6 thoughts on “When your kids holler for more bugs, make sure you feed ’em…

  1. I can’t help but think of the scene from the movie “Seven” every time I hear of one of those filthy elites prattling on about how we will have to eat bugs.

    Every one of those elites who talks in such a way should be force-fed insects like a foie gras duck until their stomach bursts like the fat man face down in a plate full of spaghetti representing the deadly sin of gluttony.

  2. and if you say you don’t own me I’ll know it’s a lie,
    ‘cuz that’ll be the day when I fry. doo waah!!

  3. All it needs is for the people to say No and rise up, Schwab, Soros and co will have no-one to defend them.

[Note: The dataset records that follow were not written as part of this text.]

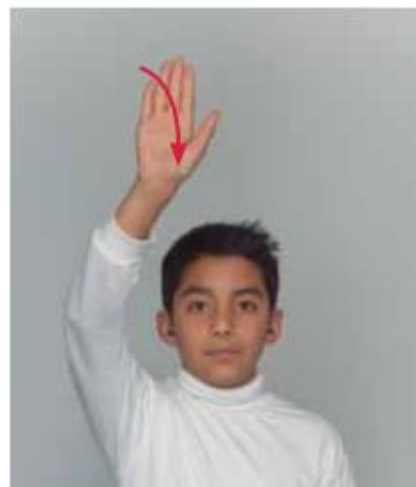
María Ester Serafín de Fleshmann. 2011. Diccionario de lengua de señas mexicana. Saludar. pág. 197
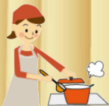
調理・配膳・片付け
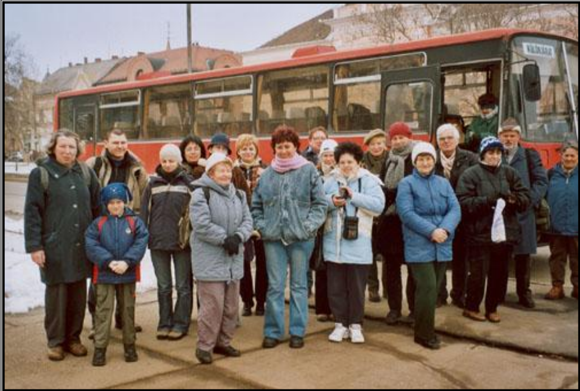
1. ábra: csoportkép a busszal
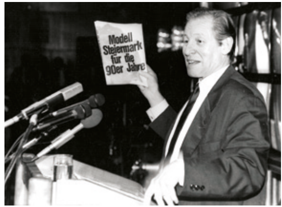
• Josef Krainer jun. präsentiert das „Modell Steiermark für die 90er Jahre“.

polizeilichen Untersuchungsprozesses verwickelt waren, mussten zurücktreten; beide wurde später rechtskräftig verurteilt, was in Österreich unter bestimmten Rahmenbedingungen keine weiteren Folgen zeitigt.
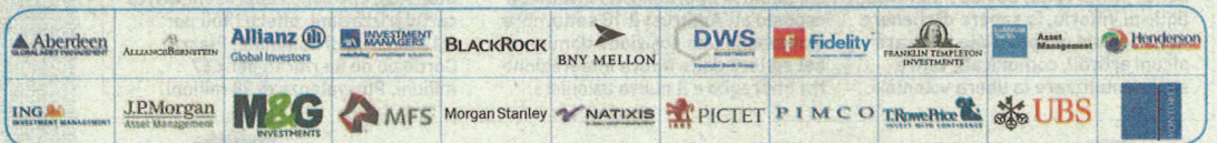
A titolo esemplificativo si riportano alcune delle società di investimento con le quali Mediolanum International Funds collabora.
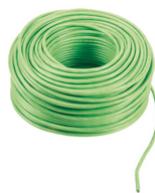
732I.E.100 - 2F+ câble LSZH 2x1 pose extér. Eca 100m
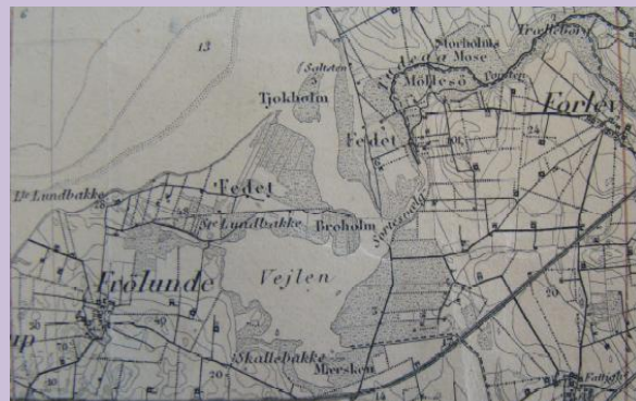
Historisk kort fra 1866 ( www.naesbystrand.dk )

Mellem 1866 og 1892 er området blevet inddæmmet og har fået den form, som vi kender i dag. Genopretningsprojektet er således ikke en genskabelse af den oprindelige lavvandede brakvandslagune, men mere skabelsen af et område med karakter af lavvandet sø/lavvandsområde/rørskov/fugtig eng.
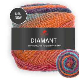
Farbe Nr. 98 türkis/blau/orange
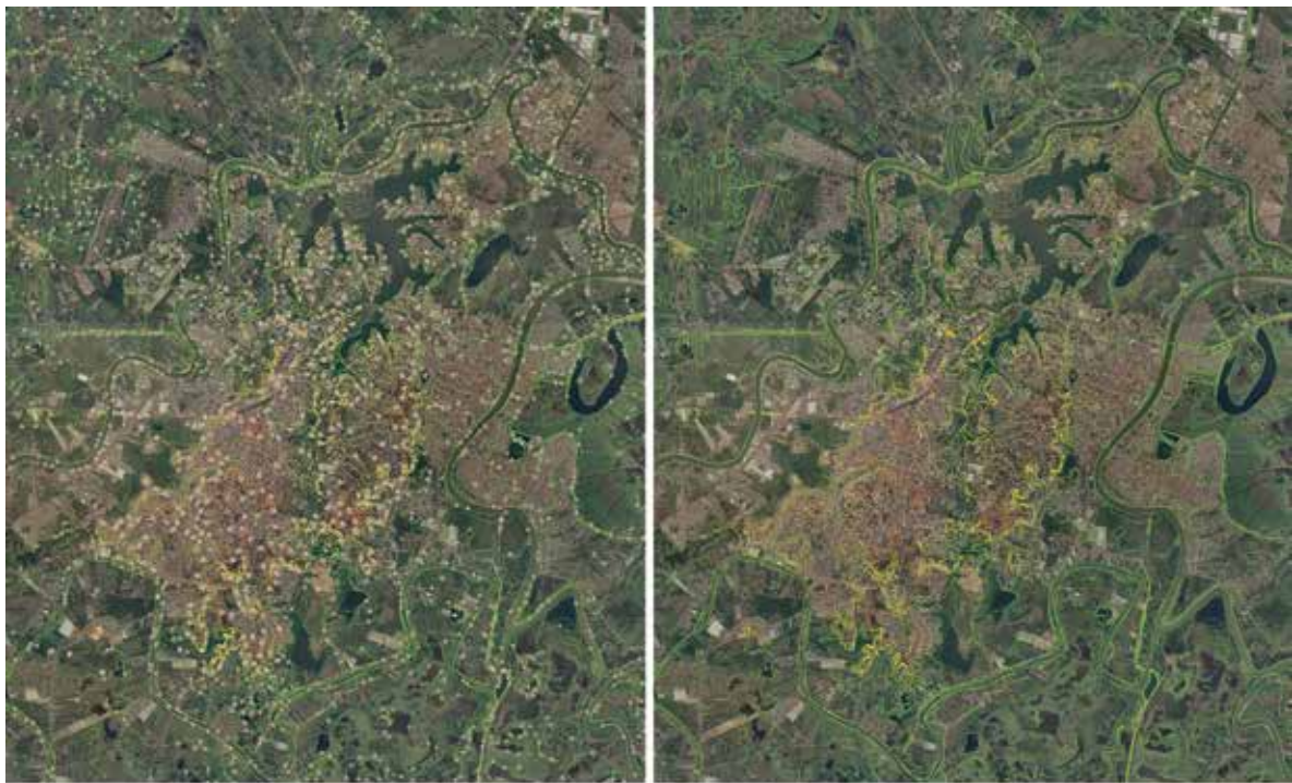
Curvas de elevación cada 2 metros
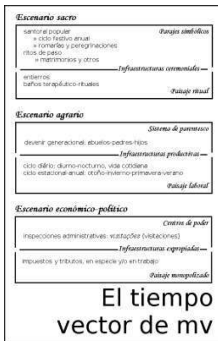
Figura 7. Cuadro esquemático del tiempo como vector del modo de vida rural medieval donde están indicadas los referentes diacrónicos principales (de cultura inmaterial) que son evidencia de cada escenario

El ciclo estacional-anual está encauzado a lograr excedentes de producción que cubran las prioridades alimentarias del futuro mediato; y la vida cotidiana está subordinada e integrada a éste. En ambos, la organización laboral del tiempo es cíclica, por lo que sus correlatos materiales contienen información diacrónica, que es factible deducir. Por ejemplo, la propuesta metodológica basada en el análisis del patrón de crecimiento de bivalvos para la inferencia de la temporada de recolección de moluscos así como del promedio de días dedicados a ello entre las comunidades de cazadoras-recolectoras de la Baja California (Mora 1982). Por su parte, el devenir generacional comprende un tiempo transgeneracional, que no ha estudiado la arqueología.
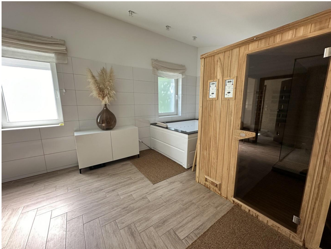
Whirlpool und Sauna
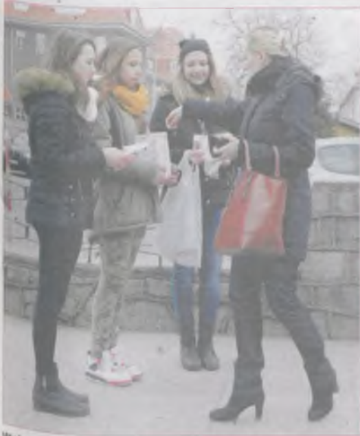
Wolontariusze od rana kwestowali na terenie całego miasta

We will yet see them dangling from lamposts as they deserve.

  4. I can already see the adverts for “Kellog’s Crunchy Crickets”

    Personally I don’t eat that crap, never have and never will and could never understand how anyone could eat that stuff for breakfast.
    The bloody cardboard packaging has more nutritional value.

  5. If you scroll down out the menu of the “New Midway Food” at this year’s Calgary Stampede, you will find both a Cricket Hot Dog and a Meal Worm Hot Dog, the latter lovingly sprinkled with whole worms on top:

    https://www.calgarystampede.com/new-midway-food

    Description: “All-Beef Meal Worm Hot Dog, made using meal worm protein, whole roasted meal worms, and beef, topped off with your favorite condiments (Meal Worms are high in protein and safe to eat)”.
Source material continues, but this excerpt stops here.